Amy set out to test the hypotheses that species that use their tail in a social context will have lower rates of tail loss, species that use their tail in a predatory context will have higher rates of tail loss, and that species that primarily store fat in their tail will have lower rates of tail loss. They used curly-tail lizards, earless lizards, house geckos, and crested and green anoles in their work and found that curly tail lizards exhibit the greatest tail loss despite using their tails constantly. Earless lizards exhibited the lowest rates of tail loss and they used their tails quite frequently, and anoles had intermediate rates of tail loss based on social use. Tail use in a predatory context was rare for anoles, but quite common for curly tails (that exhibited a higher rate of tail loss) and earless lizards (that exhibited a lower rate of tail loss). They also found no relationship between tail autotomy and energetic storage in the tail. Their major takeaways are that species that use their tail very frequently in communication can exhibit either large or low rates of tail loss, and that there are a lot of intermediate rates of tail loss perhaps due to the multi-faceted role tails play in the evolution, ecology, and behavior of lizards. They are going to follow up this work using bomb calorimetry to more precisely measure species differences in the energy stored in the tail, and increasing the species sampling to incorporate more species (especially more anoles!)

Anolis RPM muscle cross-section. The darkened area in the middle of the muscle shows white blood cell infiltration, which indicates damaged tissue.
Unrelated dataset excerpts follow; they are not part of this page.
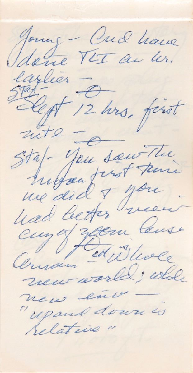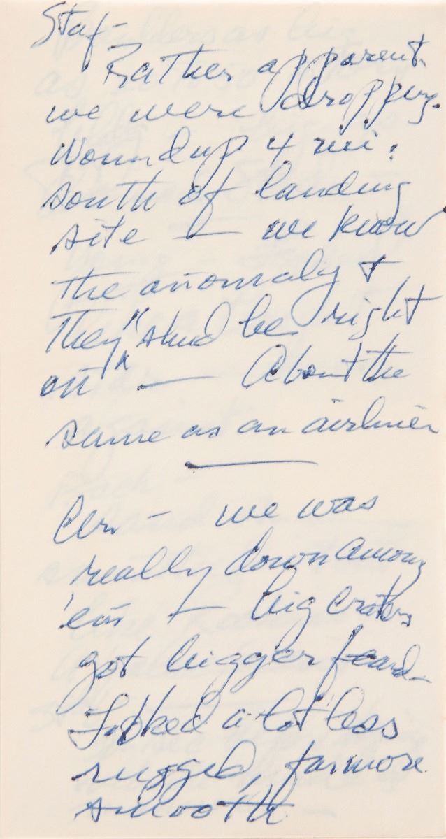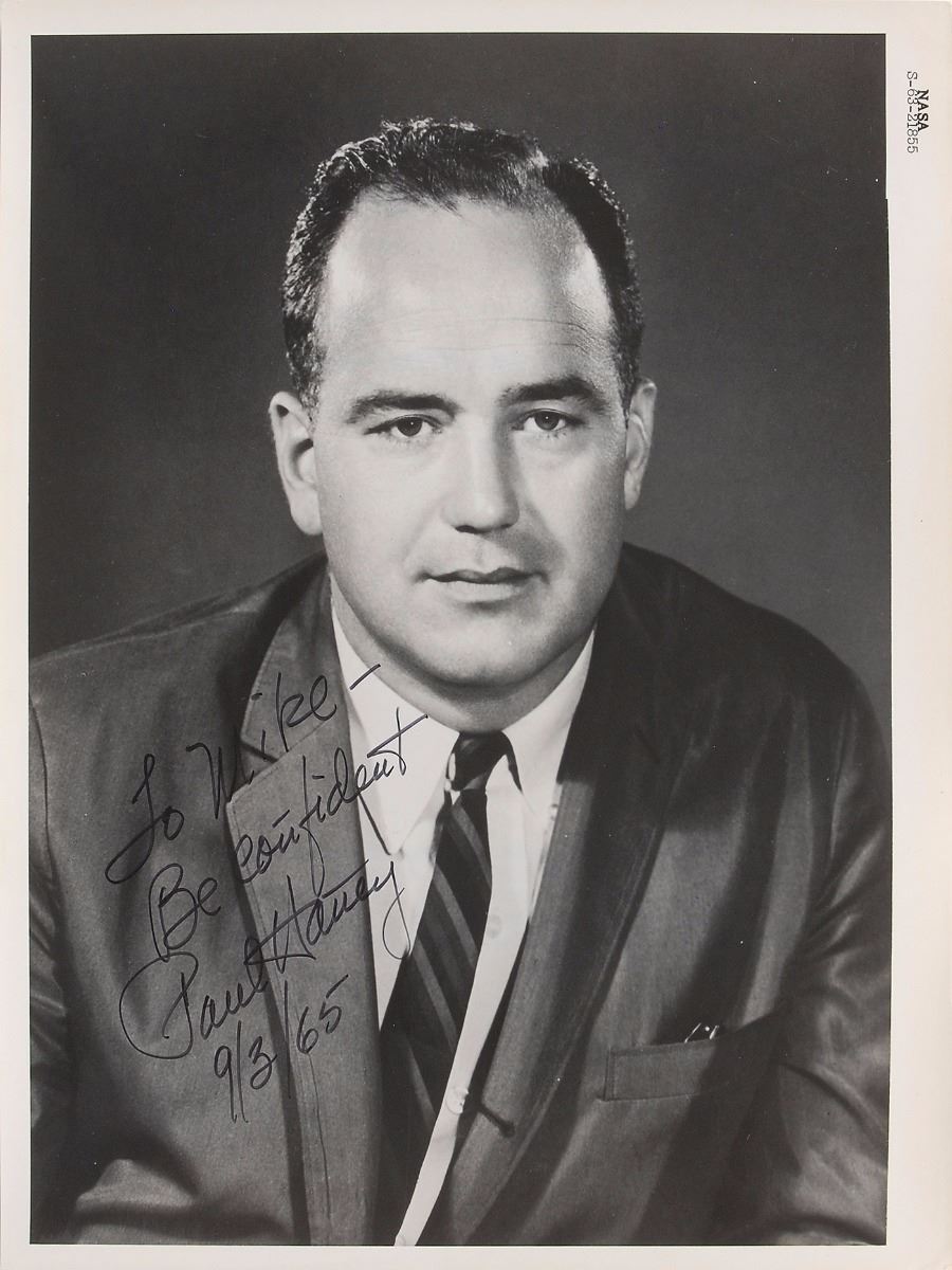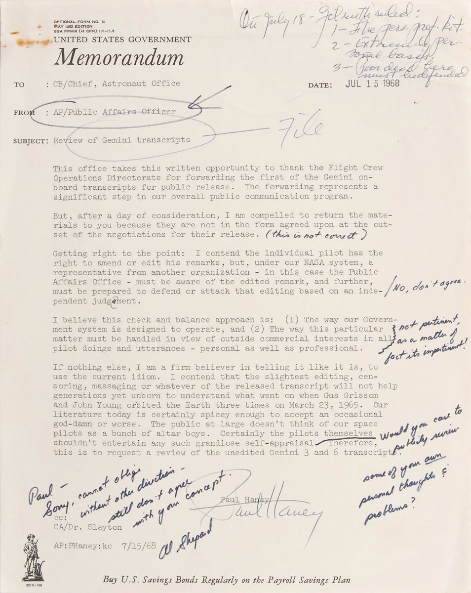 Three items related to Paul Haney, the MSC public affairs officer who famously delivered the live mission control commentary during the Gemini and Apollo space flights, including: an official glossy 8 x 10 NASA portrait photo of Haney in a suit and tie, signed and inscribed in black felt tip, “To Mike—Be confident, Paul Haney, 9/3/65”; a small reporter’s notebook, 3 x 6.25, used during the Apollo 10 press conference by Haney, who has added “Apollo 10 Crew Conf” to the front cover, and has filled out the first twelve pages in his own hand with various notes from the conference, including wonderful astronauts descriptions of the moon and LMP Gene Cernan’s remarks on cursing during the broadcast: “Staf—You saw the moon first time, we did & you had better view cuz of zoom lens, Cernan—A whole new world; whole new env.—’up and down is relative’…Staf—Rather apparent we were dropping. Wound up 4 mi. south of landing site—we know the anomaly & they ‘should be right on’—about the same as an airliner, Cern—We was really down among’em—big crates got bigger fast, looked a lot less rugged, far more smooth, Boulders as big as 20 to 50 story bldg—big as Domed Stad.—Young—Looked like a bright star…Cernan—Left moon like a scalded ape, like a high-speed elevator…Young—Maybe that moon was alive once. I don’t rule it out. With brown color, there is a suggestion of oxidation. Pretty exciting place—…Cernan—Totally unrehearsed—What you heard was 3 men doing a job—’Sorry if we offended’”; and a United States Government Memorandum letter from Haney to Chief of the Astronaut Office Alan Shepard, in part: “This office takes this written opportunity to thank the Flight Crew Operations Directorate for forwarding the first of the Gemini onboard transcripts for public release. The forwarding represents a significant step in our overall public communication program. But, after a day of consideration, I am compelled to return the materials to you because they are not in the form agreed upon at the outset of the negotiations for their release…I am a firm believer in telling it like it is, to use the current idiom. I contend that the slightest editing, censoring, massaging or whatever of the released transcript will not help generations yet unborn to understand what went on when Gus Grissom and John Young orbited the Earth three times on March 23, 1965. Our literature today is certainly spicey enough to accept an occasional god-damn or worse.” Haney signs at the conclusion and adds notes to the upper right in black ballpoint. Additionally, Shepard has added several handwritten notes of argumentation in black felt tip to the text, and pens a short note in the lower left corner, “Paul—Sorry, cannot oblige without other direction—still don’t agree with your concept. Al Shepard.” In overall fine condition. With content featured in the 2014 book Marketing the Moon, this is a truly unique and insightful grouping from early on in the Apollo program that details seldom-seen astronaut accounts and Haney’s push for an open-program mandate of unedited NASA transcripts. Pre-certified Zarelli Space Authentication.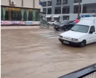 A chuva intensa teve início no começo da tarde e provocou acúmulo rápido de água em vários pontos da cidade. Moradores relataram transtornos no trânsito e dificuldades de acesso a residências e estabelecimentos comerciais.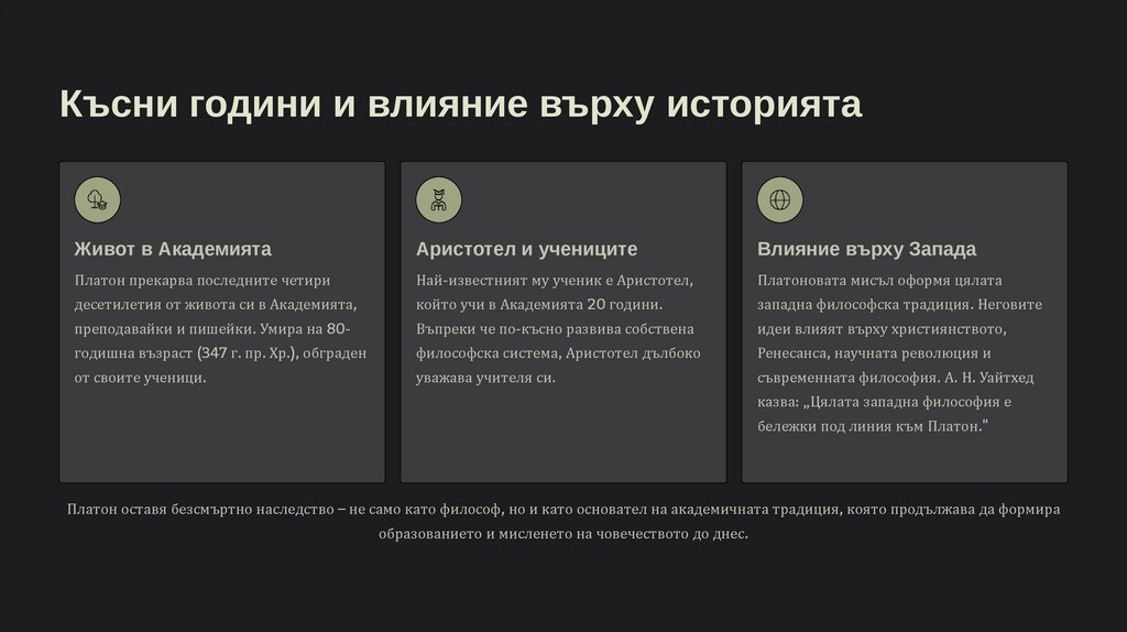 Платон оставя безсмъртно наследство – не само като философ, но и като основател на академичната традиция, която продължава да формира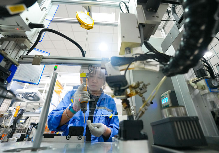 在位于浙江省诸暨市店口镇的浙江万安科技股份有限公司,工作人员在装配汽车角度传感器。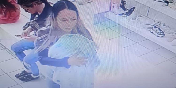 Una de las cámaras del circuito cerrado de una tienda del centro de la ciudad, logró captar el rostro de una de las presuntas defraudadoras, misma que carga en brazos lo que parece ser un bebé o la cobija en la que se arroparía. A sus espaldas, quien sería su cómplice.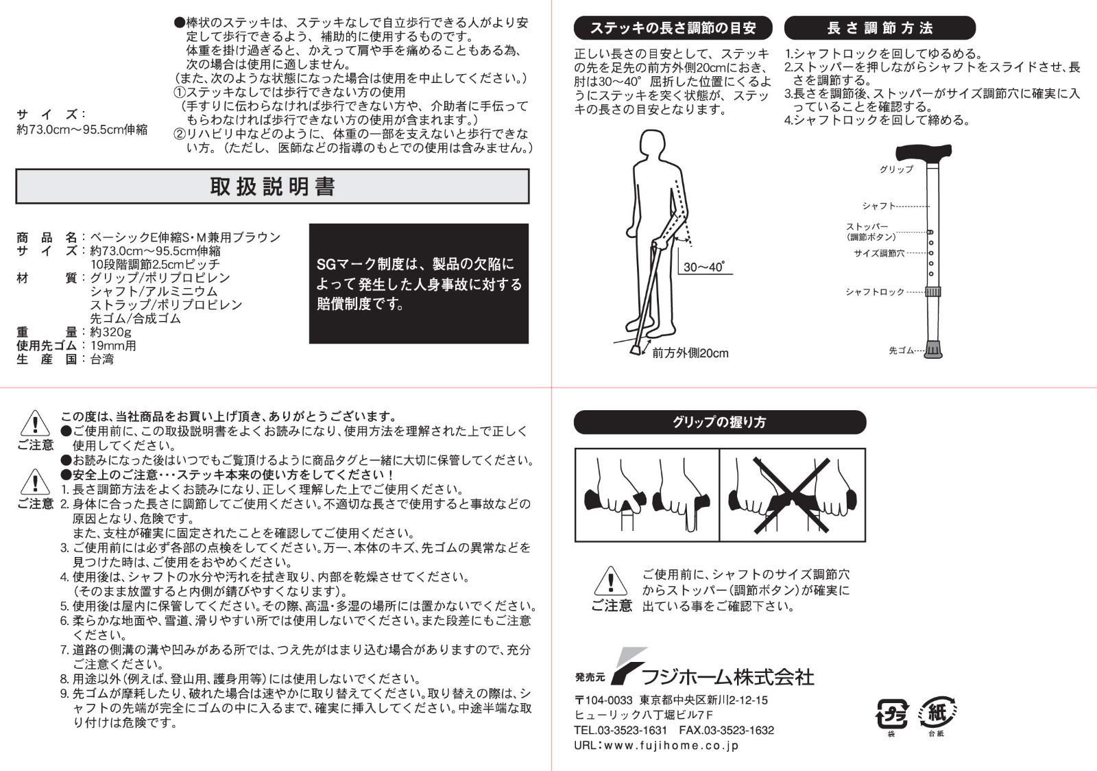 【ラスト1点】WB3901 (替えゴム付き) 杖 S・M兼用 伸縮式ステッキ ベーシック 対応身長140~185cm ブラウン ステッキ フジホーム

Martin measured the muscle damage of the RPM for 5-10 males in 27 different species of anoles. This estimate was made by calculating the cross sectional area (CSA) of the RPM and the CSA area of muscle damage of each muscle. He then calculated a ratio of muscle damage (damaged CSA / total CSA) for each RPM and then averaged to give each animal a single value. These species were also observed in the field to measure an observed copulation rate (totaling ~1000 hours of observation). He and his collaborators used phylogenetical generalized least squares regressions to test for a correlation between observed copulation rates and the average ratio of muscle damage across these species.

Positive correlation between observed copulation rates and the average ratio of damage of the RPM for 28 species of anole.

They found a significant and strong positive correlation between these estimates, suggesting that examining muscle damage may be an efficient way to estimate behavioral rates. Martin drove home the point that measuring the damage in the RPM of these species took him 2 orders of magnitude less time than estimating copulation rates in the field. This suggests that researchers may be able to more easily estimate behavioral rates of different species, as well as examine individual variation within species. In the future, this group hopes to explore the relationship between muscle damage, copulation rate, and recovery so they can more accurately describe the window of behavior they observe through muscle damage.